All of the data below must be reproduced word for word, but without its images.

Dataset content:
━━━━━━━━

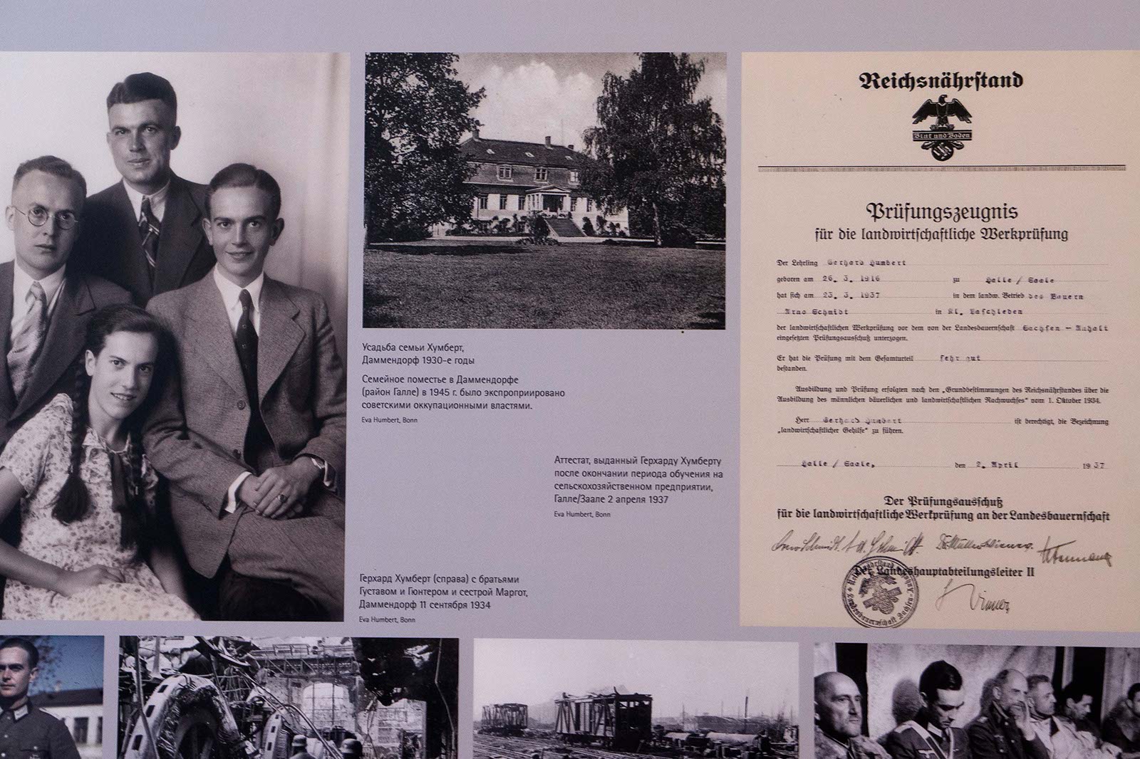 Фото №105439. Герхард Хумберт с братьями и сестрой /усадьба семьи Хумберт / Аттестат Г.ХумбертаНа выставочных стендах — фотографии, документы, письма людей, вовлеченных волею судьбы, в театр военных действий. Их судьбами написана история. Всего 24 биографий немецких и советских граждан: военный; женщина, вышедшая во время войны замуж за солдата и ставшая вдовой; подросток, отправленный на принудительные работы; военнопленный и узник концлагеря; депортированный поволжский немец; еврейка и мн. др.
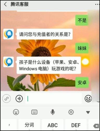 4、接下来在进入后在对话框里发送王者荣耀退款。
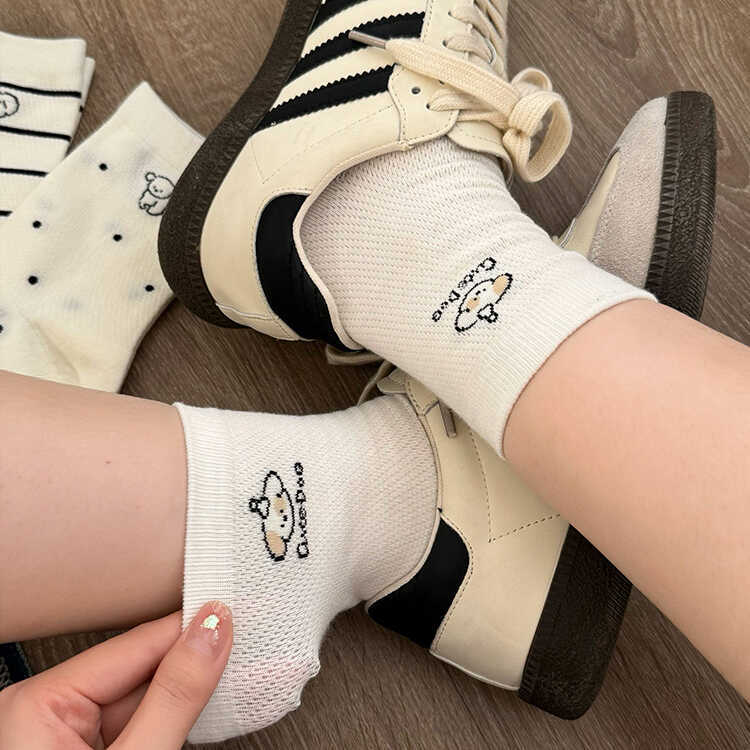 흰색 강아지 메쉬 양말 여성용 종아리 중간 양말 트렌디 솔리드 컬러 여름 얇은 일본 만화 귀여운 스타킹 봄

━━━━━━━━

Solution:
 Фото №105439. Герхард Хумберт с братьями и сестрой /усадьба семьи Хумберт / Аттестат Г.ХумбертаНа выставочных стендах — фотографии, документы, письма людей, вовлеченных волею судьбы, в театр военных действий. Их судьбами написана история. Всего 24 биографий немецких и советских граждан: военный; женщина, вышедшая во время войны замуж за солдата и ставшая вдовой; подросток, отправленный на принудительные работы; военнопленный и узник концлагеря; депортированный поволжский немец; еврейка и мн. др.
 4、接下来在进入后在对话框里发送王者荣耀退款。
 흰색 강아지 메쉬 양말 여성용 종아리 중간 양말 트렌디 솔리드 컬러 여름 얇은 일본 만화 귀여운 스타킹 봄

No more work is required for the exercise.